Despite this complete lack of confidence, these same marketers continue measuring, reporting, and making decisions based on data they don't trust.

Here's everything they told us

The confidence breakdown

The numbers reveal an industry in denial:

  • 43% actively distrust their brand metrics
  • 20% have given up trying to understand if metrics work
  • 26% have "some" confidence at best
  • 11% doubt their data
  • 0% strongly believe their data

Nearly half of B2B marketers make decisions based on data they actively distrust. Another 20% have no idea if their metrics mean anything.

One marketing leader captured the struggle:

"Brand marketing is not always quantitative in ROI, so it makes it increasingly difficult to justify adding spend beyond doing what 'feels' directionally correct."

Feels directionally correct. That's the foundation of current B2B brand strategy.

How B2B marketers actually measure brand today

When confidence in metrics collapses, companies don't fix their measurement systems. They default to whatever feels manageable, even when they know it's not perfect.

  • The majority give up (52%): Over half abandon measurement entirely. No tracking, no surveys, no attempt to quantify brand impact.
  • Share of search (33%): A third rely on share-of-search as their primary metric. Google Trends becomes the brand dashboard - it's free, simple, and shows movement. But as one marketer admitted:
"Even share of search does not directly track to revenue or pipeline."
  • Rigorous approach (13%): These companies believe in rigorous brand measurement. They pay to track awareness, consideration, and preference among their target audience. Keeping a close eye on brand metrics over time helps them spot trends and issues early.
  • Marketing mix modeling (11%): Even though it claims to reveal exactly which channels drive results, MMM demands enormous datasets and often generates contradictory insights. For B2B companies with complex buyer journeys, it can be an expensive gamble that rarely gives clear direction.
  • Incrementality experiments (9%): The most sophisticated run incrementality experiments, comparing test and control markets. They're deeply engaged with measurement, but even they struggle to connect experimental results to broader brand strategy.

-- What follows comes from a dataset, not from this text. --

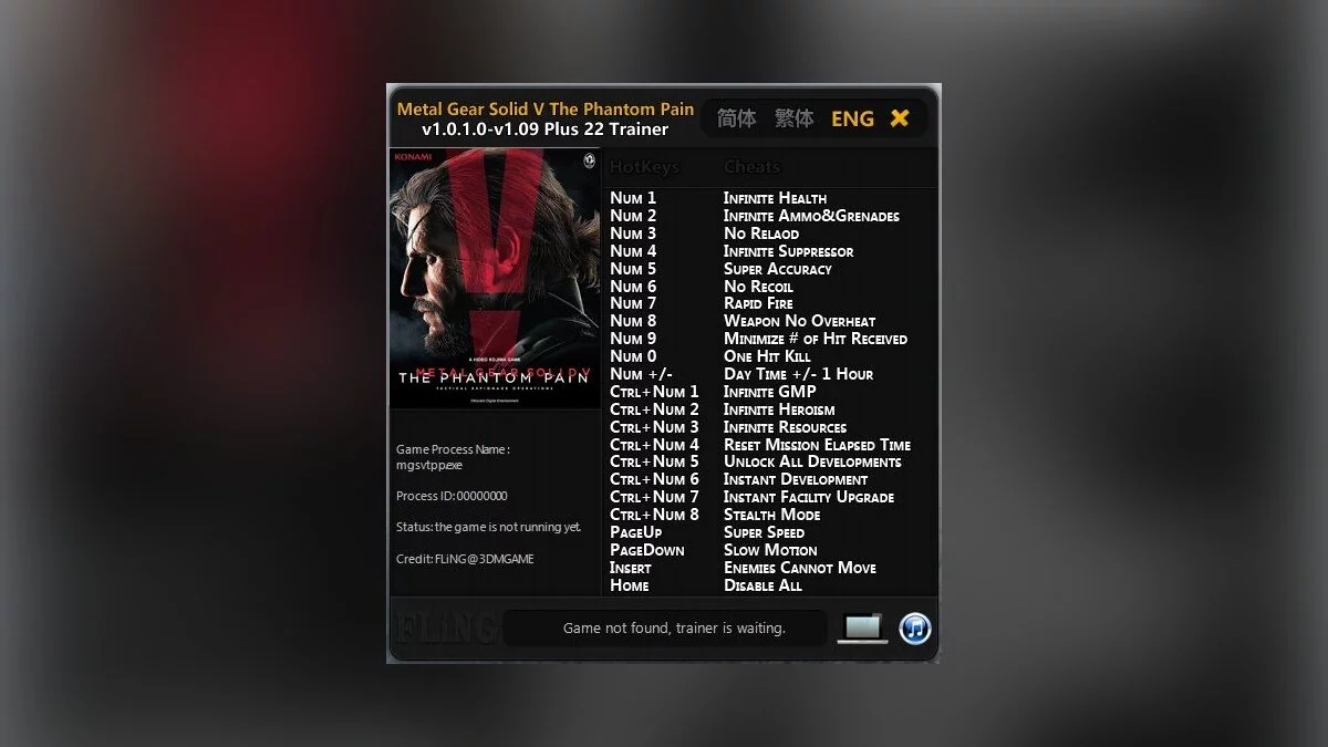 Трейнер для Metal Gear Solid 5: The Phantom Pain — неуязвимость, бесконечные патроны, супер точность, невидимость и многое другое

Why they're struggling with B2B brand measurement

  1. Invisible buyer behavior. Most buyer activity and research happens in the dark. You can't measure what you can't see, no matter how hard you try.
  2. Time lag challenge: Brand impact compounds over years. Today's campaign might influence a deal in 2026. By then, everything has changed. Even the most sophisticated attribution models break down over these timescales.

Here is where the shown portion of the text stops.